It might not have happened precisely that way...
Fresh out of rehab, badly behaved diva Augusta Price has one last chance to turn her life around. Her memoir, Based on a True Story, has become an unlikely hit, and she's going to use that fame to start afresh. But Augusta is her own worst enemy.
Augusta discovers that her former lover is planning a tell-all book of his own. Enraged - and concerned that perhaps her version of events may not have been the most accurate - Augusta decides to ensure that her story is the only one that will see the light of day.
Aided and abetted by Frances, her newly employed ghostwriter, Augusta finds her way back to California, and to her lost love.
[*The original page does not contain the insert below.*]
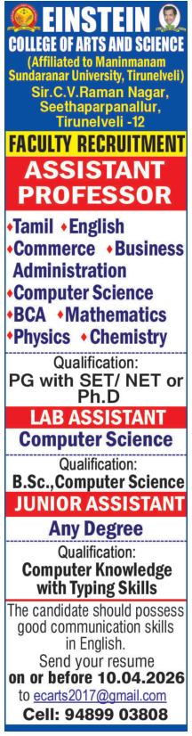 Einstein College of Arts and Science, Tirunelveli wanted Teaching and Non-Teaching Faculty . Candidates with Master Degree and Ph.D are eligible to apply . Interested candidates can apply via Email by submitting required documents before the deadline.

It's time to face up to her past: something that will be the making - or breaking - of Augusta Price.
Hilarious, honest, and unforgettable, Augusta will find her way into your heart - and steal it, and all your vodka.
Augusta Price is a pill-popping middle-aged has-been with a boozy diva's primal thirst for drama. With her life and TV career in shambles, she's more prone than usual to go off the rails. Elsewhere in London is Frances Bleeker, a shy Californian whose journalism career in the British capital has recently tanked. Fortunately, her newspaper interview with Augusta leads to a gig ghost writing the actress's tell-all memoir and a bumpy trip to L.A. where figures from both women's pasts lurk. From the opening sentence of her debut ("It was not the first time she'd been asked to leave a clinic"), newspaper columnist Renzetti strives to signal a lightweight but outrageous comedy, somewhere between the Stoli-fuelled antics of the BBC's Absolutely Fabulous and the caustic black wit of Edward St. Aubyn. It's hit and miss; shopworn ridicule of Californians, a series of slurred drunken scenes, and pratfalls ensue. The story has an out-of-place redemption arc, and the sentimentality tends to domesticate and declaw what would have been a scandalous premise. Peppered liberally with zingers courtesy of Augusta, the result is a comedy that's sporadically funny, but no more edgy than a television sitcom on a major network.